The last Afghan government, while corrupt and incompetent, at least aspired to uphold the rights of all Afghans, including women. U.S.–backed efforts were largely responsible for lowering maternal death rates, raising literacy, and vastly improving the country’s urban infrastructure. But it was the U.S. military’s two trillion dollar war effort — and more importantly, Afghans’ mistaken belief that Washington would stick around — that sustained this government for as long as it did. It was also sustained by our willingness to partner with ruthless warlords and turn a blind eye to elite U.S.–sponsored units that terrorized Afghans. The aid and investment that accompanied the U.S.–led war effort increased maternal health indicators, literacy, and built critical infrastructure. But improvements in quality of life were not felt evenly across the country and in some areas they came at the cost of terrible and never ending violence.

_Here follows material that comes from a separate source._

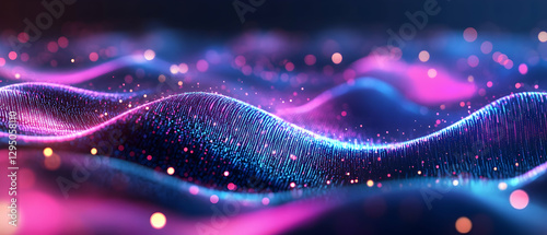 Wall mural : Abstract neon wave lines with glowing bokeh lights, high-speed data transfer concept -

Three successive U.S. presidents tried to exit Afghanistan because staying no longer served U.S. interests. On April 14, 2021, President Biden finally announced his intention to withdraw from Afghanistan, in accordance with the agreement negotiated by the Trump administration. In his announcement, he noted, “Our reasons for staying in Afghanistan are becoming increasingly unclear,” and went on to emphasize, “We went to Afghanistan because of a horrific attack that happened 20 years ago. That cannot explain why we should remain there in 2021.” By making this statement, Biden rejected two decades’ worth of Washington’s double talk and empty promises. On the day following the Taliban’s uncontested August 15th entry into Kabul, which effectively marked the end of the Afghan republic, Biden remarked, “Our mission in Afghanistan was never supposed to have been nation building.  It was never supposed to be creating a unified, centralized democracy.” He wasn’t wrong.

Nation–building in Afghanistan was essentially an improvised strategy that lacked true interagency coordination. Its activities and lofty goals grew in parallel with an expanding developmental and military aid budget from Congress, but its loose objective was to establish a dependable partner in Kabul capable of safeguarding U.S. interests and make the ongoing war more acceptable to the U.S. public. Over time, the Taliban steadily increased their territorial control throughout the country and the U.S. public lost interest in the war. Al–Qaeda was a shell of its former self, and tackling an ascendant Islamic State Khorasan Province (ISKP) —an offshoot of ISIS in South Asia — necessitated some level of coordination with the Taliban, albeit unofficially. As confidence in Kabul’s overall reliability diminished, belief in the inevitability of the Taliban grew. 

The human toll of the war in Afghanistan was immense, with 2,442 U.S. service members killed and thousands more living with life–altering injuries. Over one hundred thousand partner forces and civilians were also killed. Certain segments of Afghan society, particularly those Afghans who were more likely to come into contact with Americans, experienced relative respite from the conflict for years. Others encountered the harsh realities of war on a daily basis with their lived experiences told by only a few daring journalists. 

Following the U.S. withdrawal, the Taliban were able to fully re–establish their oppressive control over Afghan life. Yet it appears that the violence of war declined as well. Based on data from the Armed Conflict Location and Event Data Project (ACLED), the total number of violent fatalities in Afghanistan decreased by roughly 60 percent between the calendar years 2021 and 2022. It’s important to note that a significant portion of these casualties resulted from the Taliban’s own violence. But the key observation here is that the conclusion of foreign intervention marked the end of the war. Events during the evacuation of Kabul shocked many Americans, not just due to the human trauma that played out, but also because it held up a mirror to the tragedy of a war most Americans had long ago forgotten.

The horrors of the war have now given way to the callousness of Taliban rule. Recognizing the dark side of this new reality for Afghans is important. But avoiding past mistakes requires uncomfortable admissions. From the outset, the United States made commitments in Afghanistan that it had limited ability to fulfill and no genuine intent to keep. Human rights promotion became codependent with the inevitably violent endeavor of nation–building. Instead of fixating on the human rights setbacks resulting from the U.S. military withdrawal from Afghanistan, it would be more constructive to contemplate strategies for advancing human rights that don’t rely on the permanent use of U.S. military force for their sustainability.